Question: How to convert `Host`/`Origin` to `URL`?

[JulianKnodt]

I was wondering if there's anyway to convert from a Host back to a URL after calling url.host()? I realize this is probably under-specified, since there is no longer a scheme, so I was further wondering if there would be a. way to convert an Origin to a URL? After browsing through the docs & open GH issues, I didn't see any question about this, so was wondering if it made sense to add such a thing?

[valenting]

Not sure what you mean by converting back? You can always build a new URL. But maybe you want something else?

use url;
use url::Url;

fn main() {
    let url = Url::parse("http://hostname:123/").unwrap();
    println!("{:?}", url);
    let new_url = "https://".to_owned() + &url.host().unwrap().to_string();
    let new_url = Url::parse(&new_url).unwrap();
    println!("{:?}", new_url);
}

playground link

[JulianKnodt]

hmmmm specifically I'm thinking about the use case of converting https://www.foo.com/a/b/c/d to https://www.foo.com/. I reread the docs ad noticed I can do this with .path_segments_mut().clear(), but maybe it's worth adding an explicit note to path_segments_mut()?

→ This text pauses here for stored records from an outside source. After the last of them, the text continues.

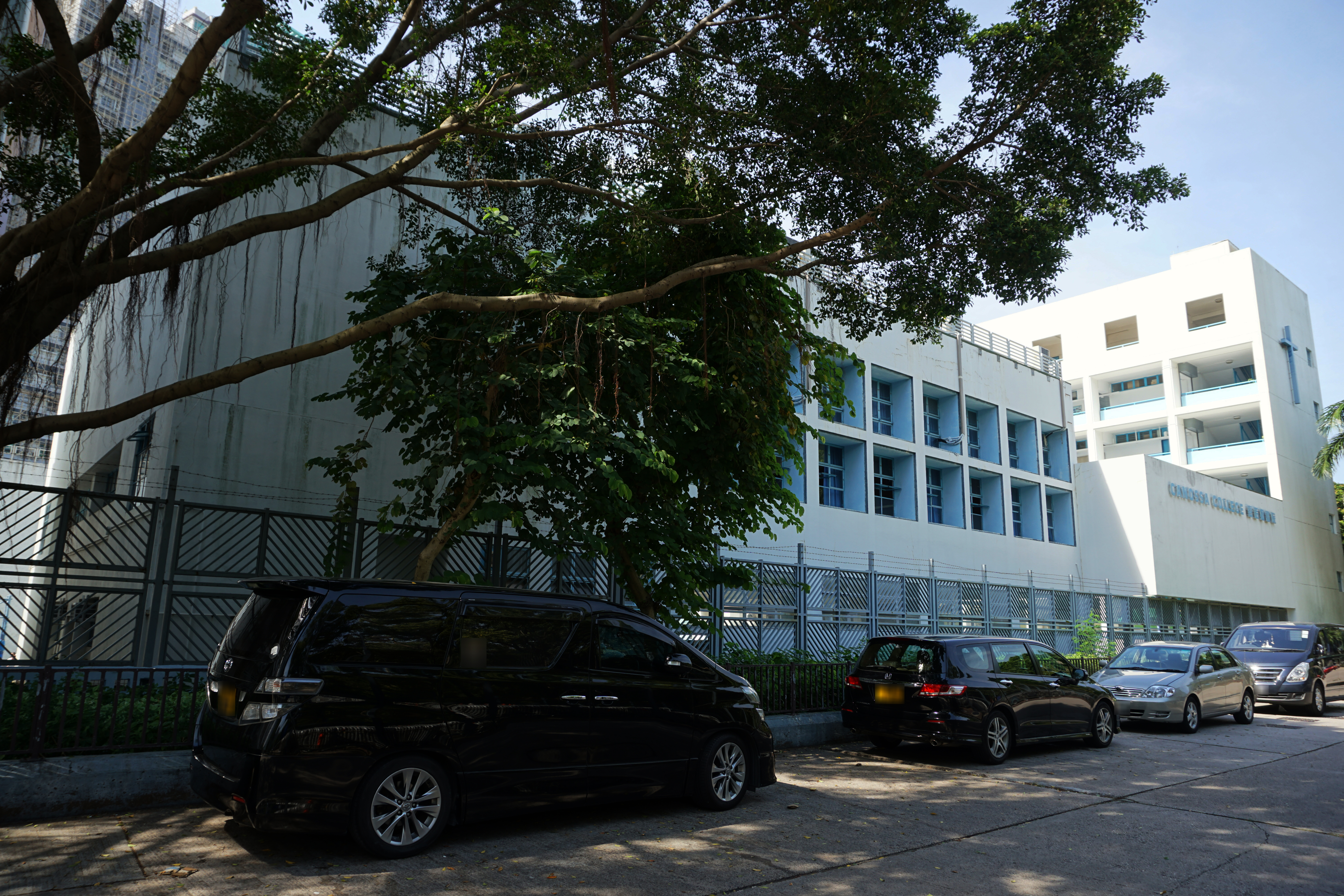 Canossa College in Quarry Bay, Hong Kong.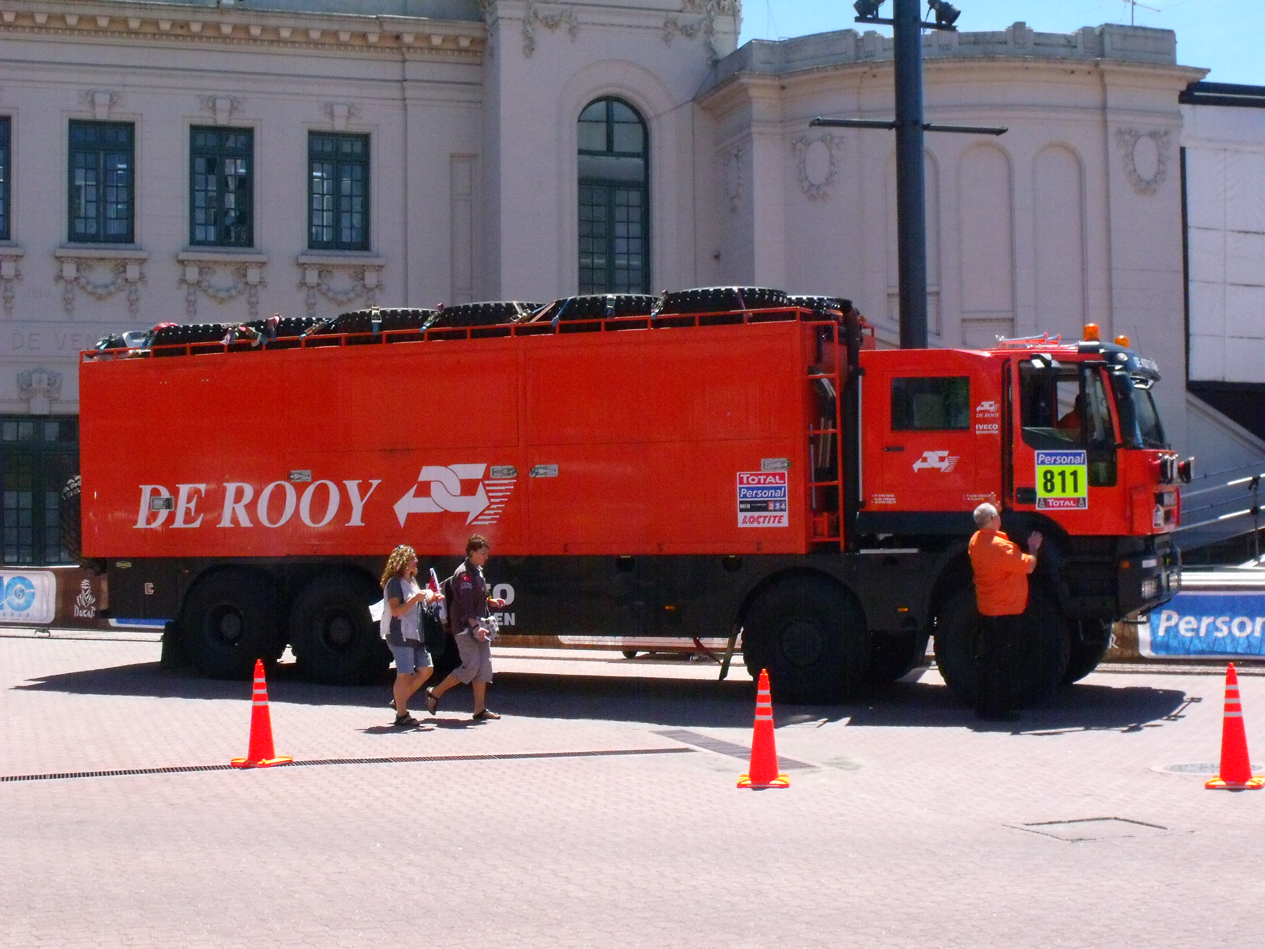 Support Truck Iveco at Buenos Aires - Dakar 2010.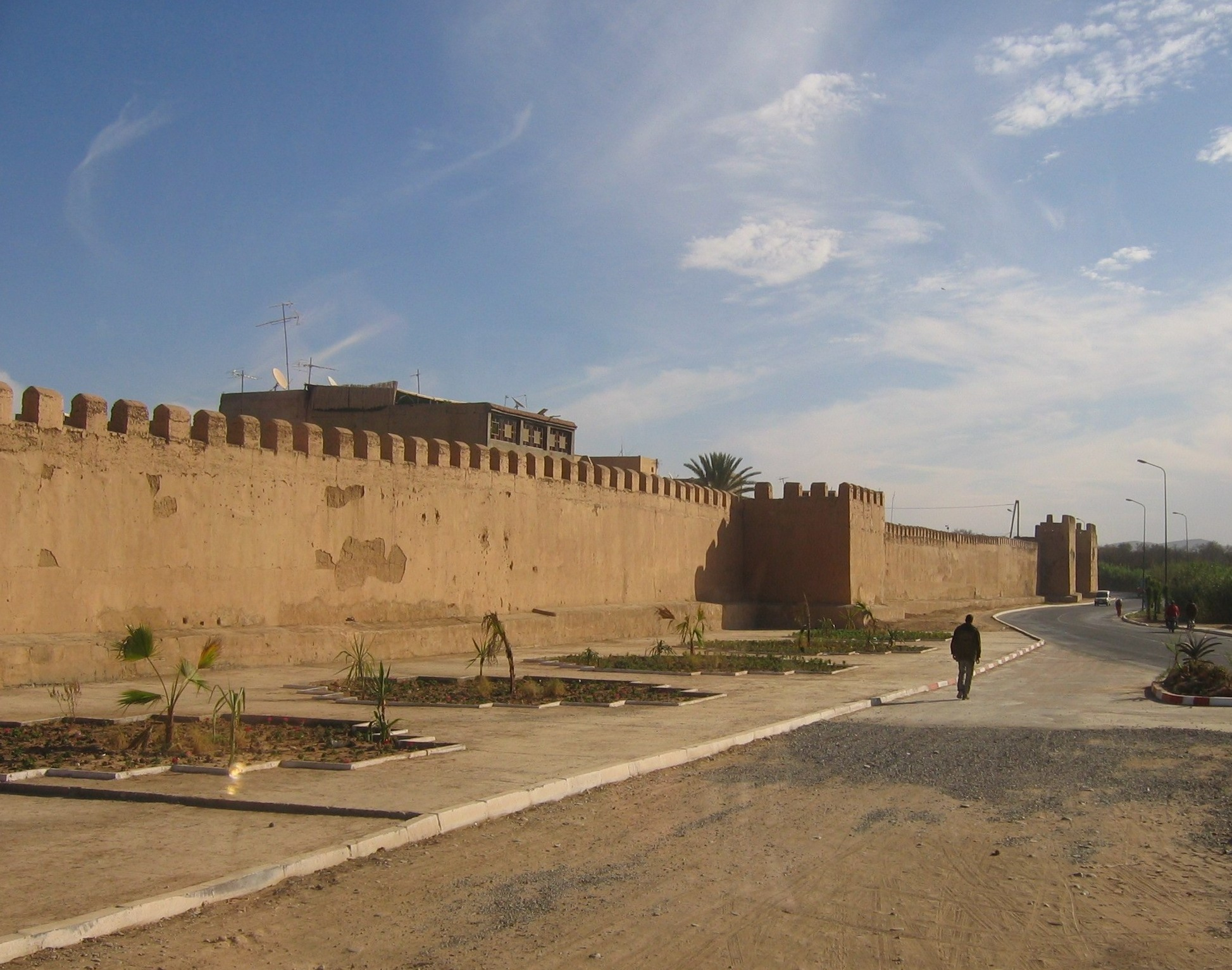 Defensive wall, Taroudant, Morocco

The reason I asked this question is because I expected a method that explicitly drops all path segments, and I equated it in my mind with .host().

[tmccombs]

You would probably also want to clear the query string and fragment in that case.

[valenting]

Ah, I see. In that case you can probably also use the slicing like here. Be mindful if you also want it to have username and password.